I have an OOP entity-component system that currently works like this:

// In the component system
struct Component { virtual void update() = 0; }
struct Entity
{
    bool alive{true};
    vector<unique_ptr<Component>> components;
    void update() { for(const auto& c : components) c->update(); }
}

// In the user application
struct MyComp : Component
{
    void update() override { ... }
}

To create new entities and components, I use C++'s usual new and delete:

// In the component system
struct Manager
{
    vector<unique_ptr<Entity>> entities;
    Entity& createEntity() 
    { 
        auto result(new Entity);
        entities.emplace_back(result);
        return *result;
    }
    template<typename TComp, typename... TArgs>
        TComp& createComponent(Entity& mEntity, TArgs... mArgs)
    {
        auto result(new TComp(forward<TArgs>(mArgs)...));
        mEntity.components.emplace_back(result);
        return result;
    }
    void removeDead() { /* remove all entities with 'alive == false' - 'delete' is called here by the 'unique_ptr' */ }
}

// In the user application
{
    Manager m;
    auto& myEntity(m.createEntity());
    auto& myComp(m.createComponent<MyComp>(myEntity));
    // Do stuff with myEntity and myComp
    m.removeDead();
}

The system works fine, and I like the syntax and flexibility. However, when continuously adding and removing entities and components to the manager, memory allocation/deallocation slows down the application. (I've profiled and determined that the slow down is caused by new and delete).

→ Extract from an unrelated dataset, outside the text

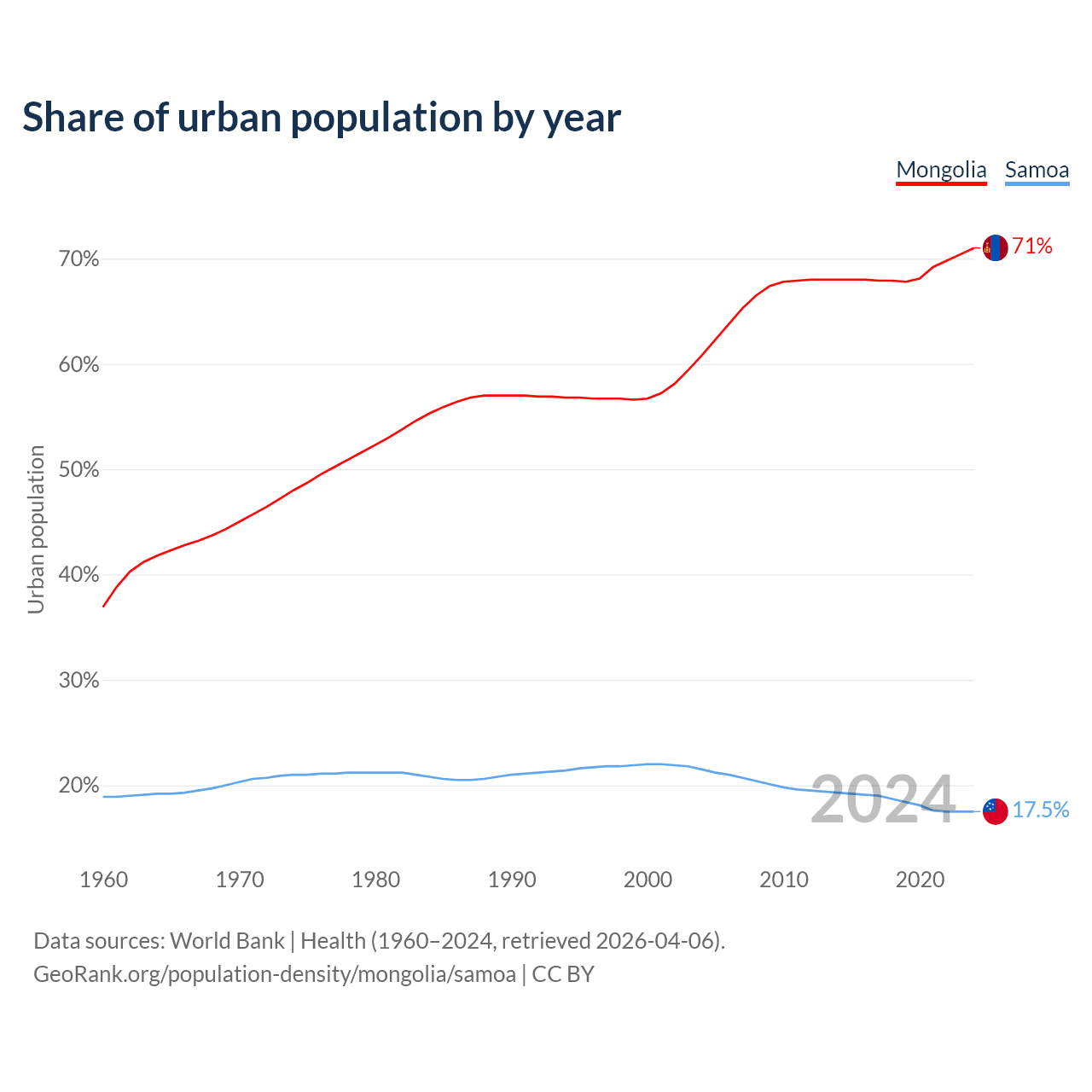 From 2004 to 2024, the share of urban population changed from 60.8% to 71% in Mongolia and from 21.5% to 17.5% in Samoa.

I've recently read that it's possible to pre-allocate heap memory in C++ - how can that be applied to my situation?


Desired result:

// In the user application
{
    Manager m{1000}; 
    // This manager can hold about 1000 entities with components 
    // (may not be 1000 because of dynamic component size, 
    // since the user can define it's on components, but it's ok for me)

    auto& myEntity(m.createEntity());
    auto& myComp(m.createComponent<MyComp>(myEntity));
    // Do stuff with myEntity and myComp

    m.removeDead(); 
    // No 'delete' is called here! Memory of the 'dead' entities can
    // be reused for new entity creation
}
// Manager goes out of scope: 'delete' is called here  
like image 234
Vittorio Romeo Avatar asked Jul 22 '13 14:07

Vittorio Romeo


3 Answers

There are a few things you can do to make the implementation of your design scale better.

In your current implementation there are two memory allocations per Entity and Component. The first one allocates an object and the second one when the object is put into the vector. The second one happens when the vector runs out of space and allocates a bigger array and moves the old elements into the new array.

In this case the best you can do is to use intrusive lists. That is, each of Entity and Component become also list nodes. Then, after these have been allocated no extra memory allocations are necessary to put the object into a list. Use a single or double-linked list from Boost.Intrusive, or write your own. This is how Linux kernel keeps track of many different objects.

The next step is to preallocate Entity and Component elements. Preallocating could be something as simple as a global array of these, or something more sophisticated, such as Boost.Pool. There are quite a few ways to build a memory pool of objects.

Once Entity and Component are preallocated and intrusive lists are used you are done.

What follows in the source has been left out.